Give back exactly the lines that start at the one containing "Hypnotic eye with" and run to the end of the material, leaving out the pictures.

Dataset section
╭──
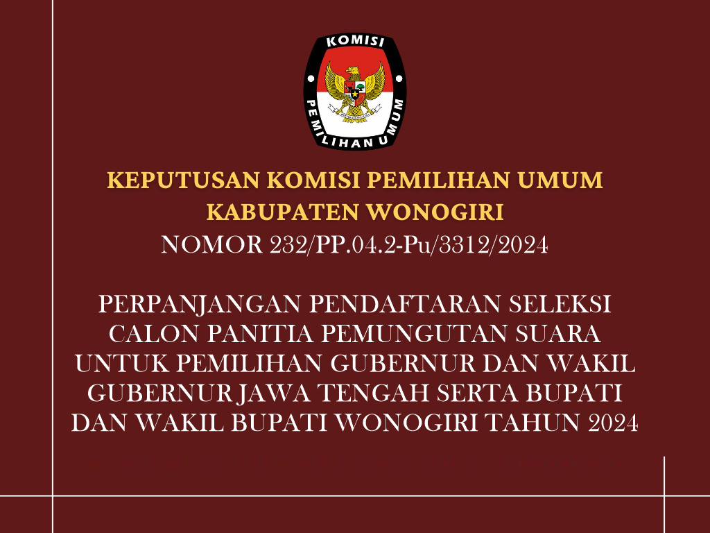 Pengumuman Perpanjangan Pendaftaran Seleksi Calon Panitia Pemungutan Suara Untuk Pemilihan Gubernur Dan Wakil Gubernur Jawa Tengah Serta Bupati Dan Wakil Bupati Wonogiri Tahun 2024 Kamis, 09 Mei 2024 00:01 1502 1. 232/PL.04.2-PU/3312/2024 Baca Selengkapnya
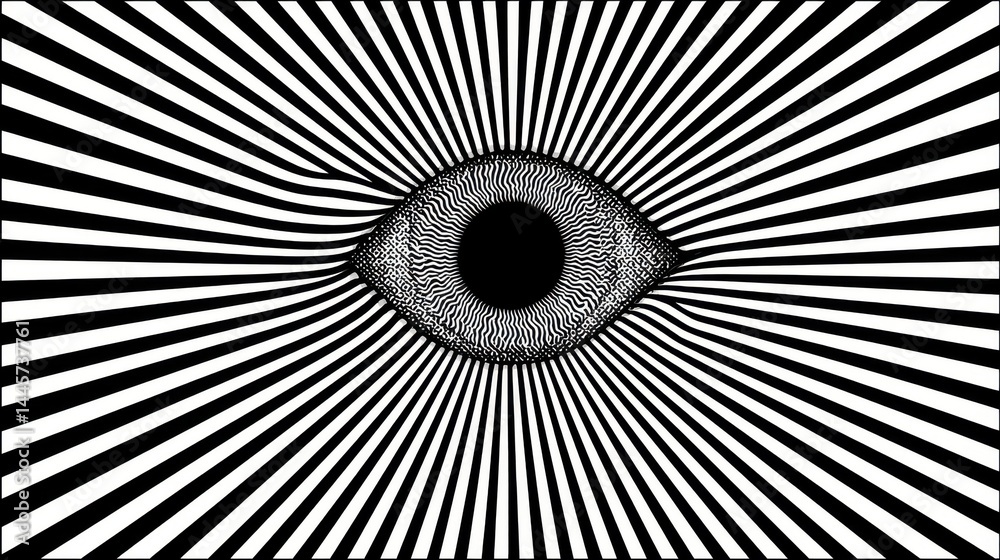 Hypnotic eye with black and white optical illusion lines, psychedelic vision, surreal abstract art, trippy geometric pattern, mind-bending visual effect, modern graphic design. #1445737761
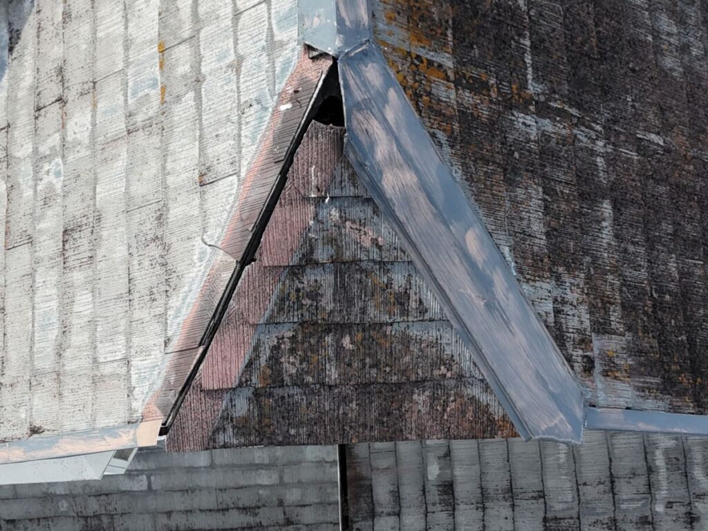 今回の現場では、写真の通り屋根材の劣化が著しく、部分的な破損や隙間が発生しており、
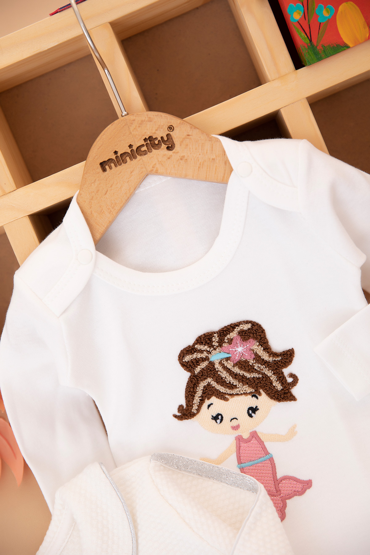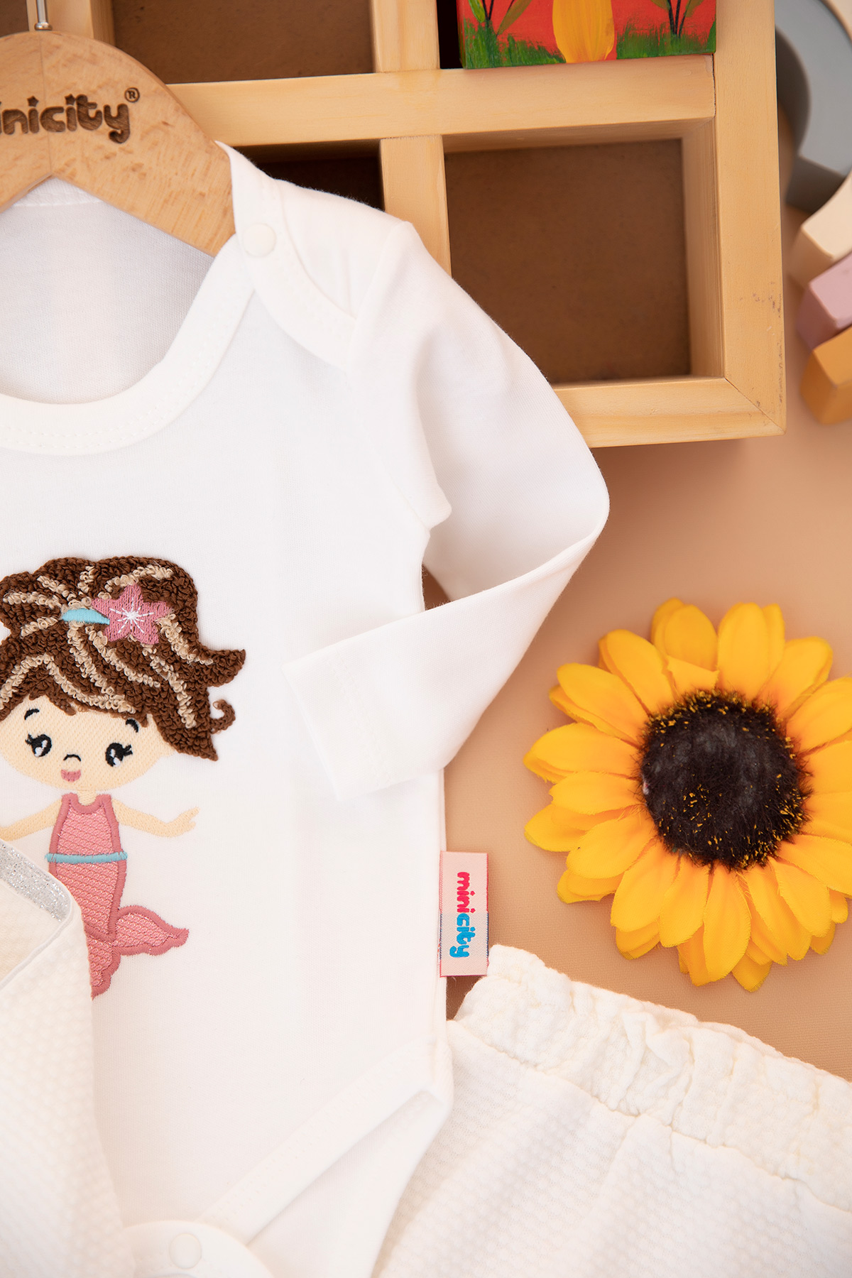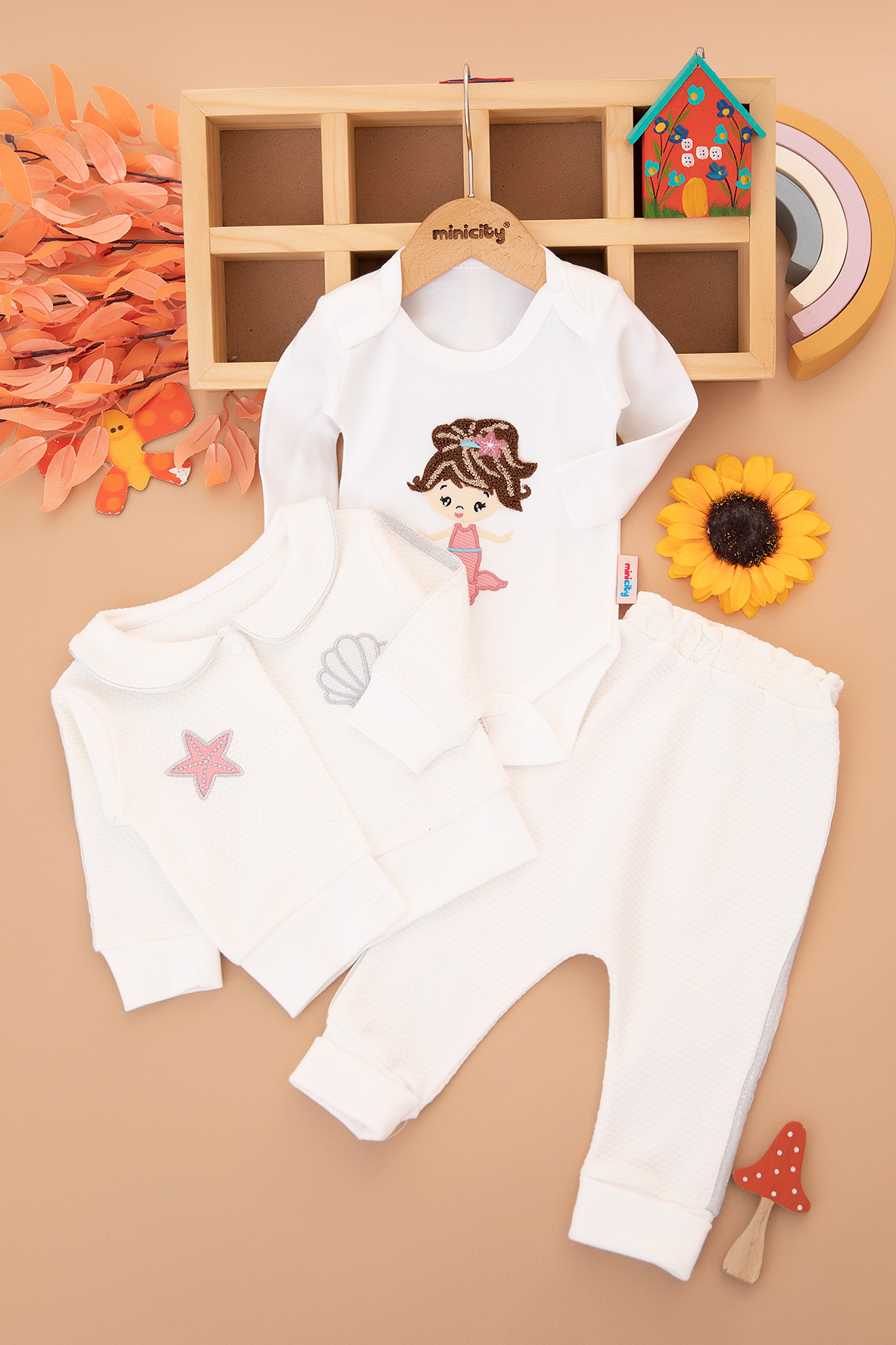 Kız Bebek Deniz Kızı Nakışlı Üçlü Takım - 1221 (3-9 Ay)
╰──
Written response
 Hypnotic eye with black and white optical illusion lines, psychedelic vision, surreal abstract art, trippy geometric pattern, mind-bending visual effect, modern graphic design. #1445737761
 今回の現場では、写真の通り屋根材の劣化が著しく、部分的な破損や隙間が発生しており、
 Kız Bebek Deniz Kızı Nakışlı Üçlü Takım - 1221 (3-9 Ay)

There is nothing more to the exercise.